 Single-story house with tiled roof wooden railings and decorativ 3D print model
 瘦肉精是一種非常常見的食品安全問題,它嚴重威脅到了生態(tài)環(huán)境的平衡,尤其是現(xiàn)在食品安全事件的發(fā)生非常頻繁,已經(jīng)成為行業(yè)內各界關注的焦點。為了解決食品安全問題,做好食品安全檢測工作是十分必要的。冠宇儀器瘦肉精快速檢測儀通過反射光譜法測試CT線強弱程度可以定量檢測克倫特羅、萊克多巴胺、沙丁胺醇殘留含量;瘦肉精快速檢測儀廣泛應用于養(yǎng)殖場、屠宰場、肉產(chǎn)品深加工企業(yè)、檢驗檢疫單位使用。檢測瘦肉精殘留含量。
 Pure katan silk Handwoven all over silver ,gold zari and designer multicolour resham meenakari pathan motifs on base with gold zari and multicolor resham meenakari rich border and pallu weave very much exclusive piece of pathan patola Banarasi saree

——

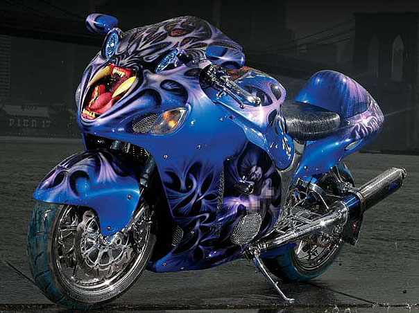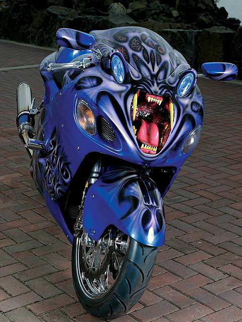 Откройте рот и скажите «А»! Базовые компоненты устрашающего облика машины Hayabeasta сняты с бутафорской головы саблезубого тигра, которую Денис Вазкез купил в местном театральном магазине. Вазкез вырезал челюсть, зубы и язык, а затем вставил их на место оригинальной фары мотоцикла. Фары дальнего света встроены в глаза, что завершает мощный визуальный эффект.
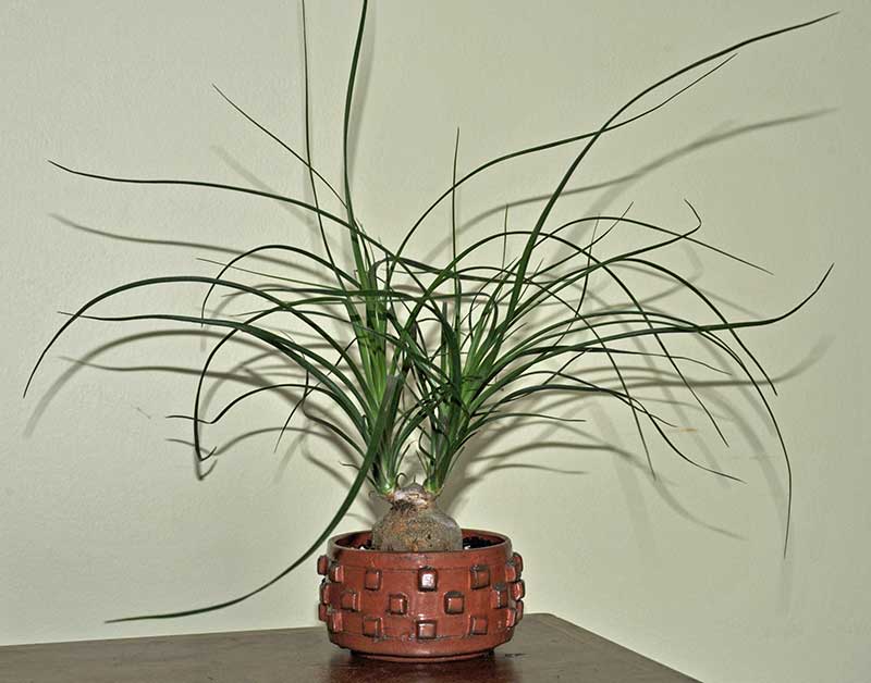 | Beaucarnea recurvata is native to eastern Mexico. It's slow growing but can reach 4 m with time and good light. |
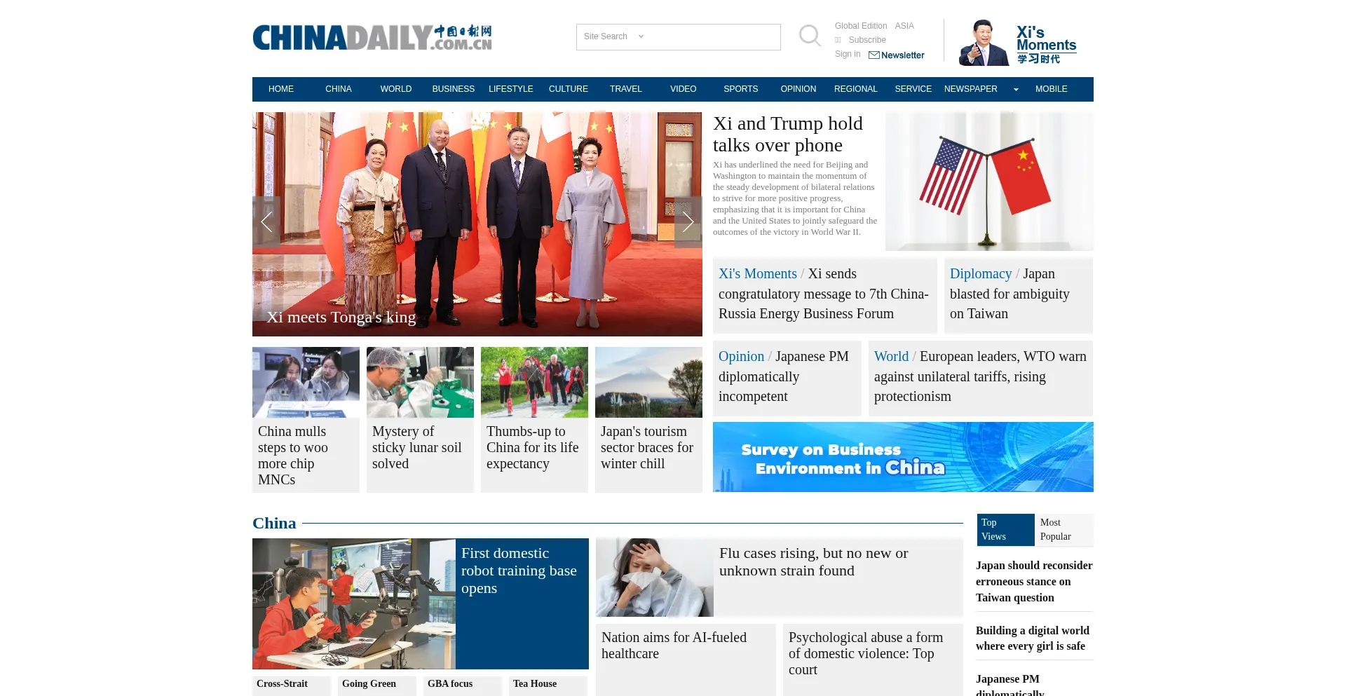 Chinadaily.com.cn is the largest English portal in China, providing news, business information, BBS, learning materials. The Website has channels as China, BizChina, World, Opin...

——

- [Work task]:
What you return should be exactly the lines above, starting at the one with "Single-story house with" and ending at the one with "Pure katan silk", and nothing else.

- [Result for this exercise]:
 Single-story house with tiled roof wooden railings and decorativ 3D print model
 瘦肉精是一種非常常見的食品安全問題,它嚴重威脅到了生態(tài)環(huán)境的平衡,尤其是現(xiàn)在食品安全事件的發(fā)生非常頻繁,已經(jīng)成為行業(yè)內各界關注的焦點。為了解決食品安全問題,做好食品安全檢測工作是十分必要的。冠宇儀器瘦肉精快速檢測儀通過反射光譜法測試CT線強弱程度可以定量檢測克倫特羅、萊克多巴胺、沙丁胺醇殘留含量;瘦肉精快速檢測儀廣泛應用于養(yǎng)殖場、屠宰場、肉產(chǎn)品深加工企業(yè)、檢驗檢疫單位使用。檢測瘦肉精殘留含量。
 Pure katan silk Handwoven all over silver ,gold zari and designer multicolour resham meenakari pathan motifs on base with gold zari and multicolor resham meenakari rich border and pallu weave very much exclusive piece of pathan patola Banarasi saree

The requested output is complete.